Ten Commandments plea ordered to a vote in Boise
BOISE – The Idaho Supreme Court ruled Monday that a petition calling for a Ten Commandments display in Julia Davis Park should go to voters.
A group known as the Keep the Commandments Coalition gathered thousands of signatures in support of putting to a public vote a March 2004 decision by the Boise City Council to relocate a monument inscribed with the Ten Commandments from Julia Davis Park to private property at an Episcopal church. But city officials refused to include the initiative on the November 2004 ballot, saying it concerned an administrative decision – instead of a legislative matter – and so wasn’t subject to reversal through an initiative.
The coalition sued, and in October 2004, 4th District Judge Ronald Wilper sided with the city. The coalition appealed, asking the Idaho Supreme Court to overturn the decision and allow removal of the monument to be put to a vote.
In a split decision, the state’s highest court agreed to send the matter to voters. The validity of the initiative can be debated if it passes, the court said.
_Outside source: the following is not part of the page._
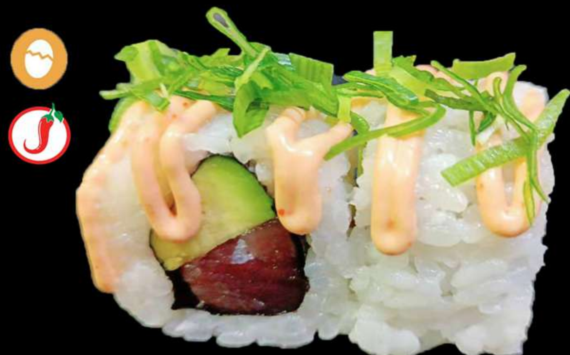
124. URAMAKI TONYINA PICANT(4u)

Ànec, cogombre i ceba fregit Pato, pepino y cebolla frita

“The initiative may pass and be the proper subject of an adjudication, or the city council may exercise its authority to amend or reject it,” Chief Justice Gerald Schroeder wrote for the majority.
The court ruled it is still too early for the Idaho Supreme Court to consider whether the initiative would be valid at all.
“Just as the court would not interrupt the legislature in the consideration of a bill prior to enactment, the court will not interrupt the consideration of a properly qualified initiative.”
Elizabeth Duncan, spokeswoman for Mayor Dave Bieter, said the city would go forward with a vote on the initiative “as soon as possible,” though a specific date has not yet been set.
“The mayor and council feel it’s important that the Ten Commandments be displayed in a prominent location where as many people as possible can view it,” Duncan said. “It also needs to be in a safe position where it doesn’t become the cornerstone of a protracted legal battle. Right now it’s in a safe position.”
Bryan Fischer, one of the coalition’s leaders, said he was ecstatic about the ruling.
“All we’ve asked for from day one is our day at the ballot box, and we’re finally going to get it,” he said in a prepared statement. “It’s a shame that the mayor and City Council have spent so much time and money fighting their own citizens over the right to vote.”
Justice Linda Copple Trout dissented from the majority’s opinion, saying she believed the petition did concern an administrative matter, precluding the use of an initiative election.
“The question here is not whether a proposal is constitutional … but whether the initiative election itself would be proper exercise of the people’s power,” she wrote.
Though there is “no bright line rule clearly distinguishing legislative matters from administrative ones,” Trout wrote, the coalition’s request to place a monument in a park is already governed by an existing city plan.
“The legislature has provided that the management of real property owned by a city rests with the judgment of the city council,” she wrote.
“A plan establishing the procedure for the placement of memorial plaques and monuments in city parks was adopted in 1999, five years before the coalition’s petition was submitted to the city.”
The coalition’s attempt to put a Ten Commandments monument in a city park falls under that plan, and so is administrative, Trout found.